── GIVEN DATA ──
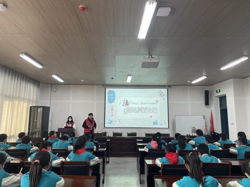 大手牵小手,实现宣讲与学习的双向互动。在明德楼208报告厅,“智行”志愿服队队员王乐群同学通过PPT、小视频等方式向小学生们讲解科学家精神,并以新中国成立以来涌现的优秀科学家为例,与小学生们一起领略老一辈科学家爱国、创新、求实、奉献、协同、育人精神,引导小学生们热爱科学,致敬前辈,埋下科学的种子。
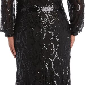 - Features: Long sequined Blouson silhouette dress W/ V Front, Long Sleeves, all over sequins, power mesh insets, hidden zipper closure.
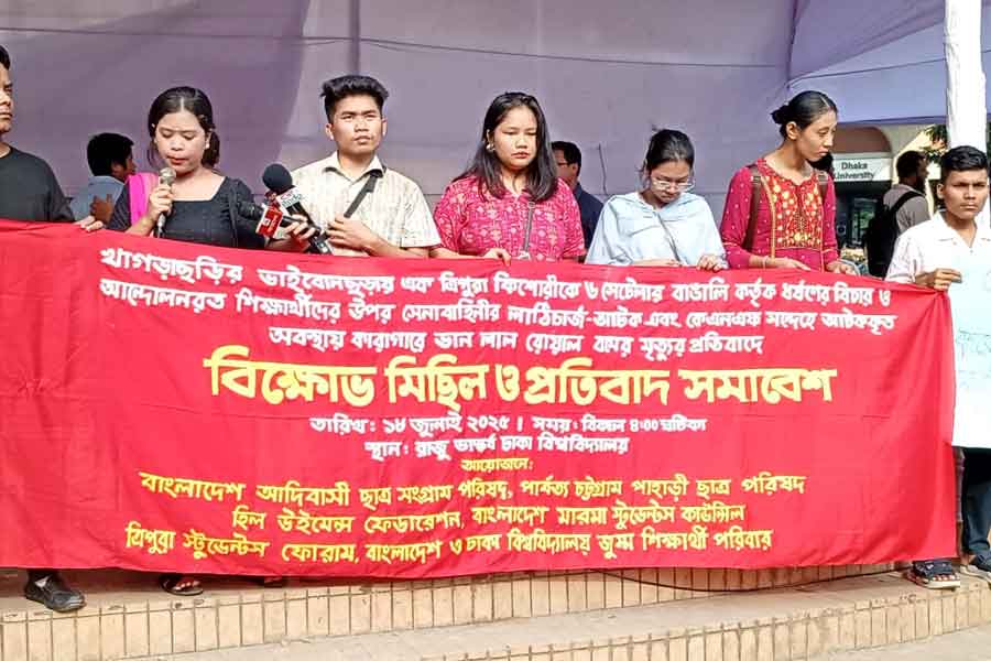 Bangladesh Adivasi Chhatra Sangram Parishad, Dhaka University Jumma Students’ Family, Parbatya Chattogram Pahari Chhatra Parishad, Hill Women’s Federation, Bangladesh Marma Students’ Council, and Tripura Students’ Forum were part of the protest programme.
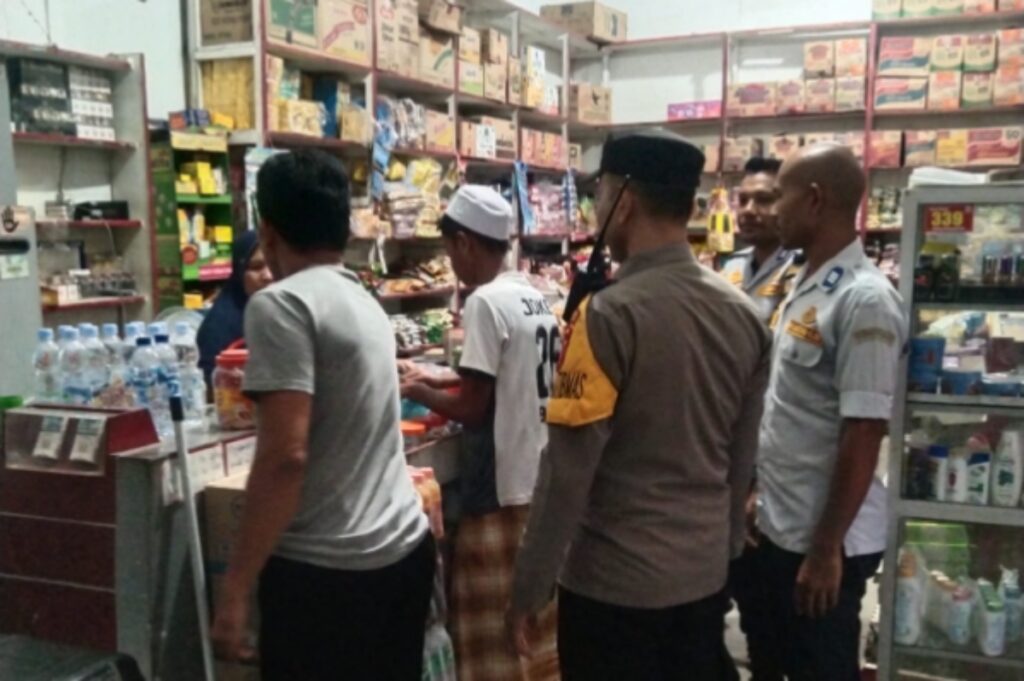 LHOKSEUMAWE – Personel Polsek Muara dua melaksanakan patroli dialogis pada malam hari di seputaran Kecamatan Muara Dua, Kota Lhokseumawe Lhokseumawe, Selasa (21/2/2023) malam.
───
# WHAT YOU WILL DO
Output only the lines that run from the line containing "- Features: Long" to the last line of the data, exactly as they stand and without pictures.

# COMPLETED TASK
 - Features: Long sequined Blouson silhouette dress W/ V Front, Long Sleeves, all over sequins, power mesh insets, hidden zipper closure.
 Bangladesh Adivasi Chhatra Sangram Parishad, Dhaka University Jumma Students’ Family, Parbatya Chattogram Pahari Chhatra Parishad, Hill Women’s Federation, Bangladesh Marma Students’ Council, and Tripura Students’ Forum were part of the protest programme.
 LHOKSEUMAWE – Personel Polsek Muara dua melaksanakan patroli dialogis pada malam hari di seputaran Kecamatan Muara Dua, Kota Lhokseumawe Lhokseumawe, Selasa (21/2/2023) malam.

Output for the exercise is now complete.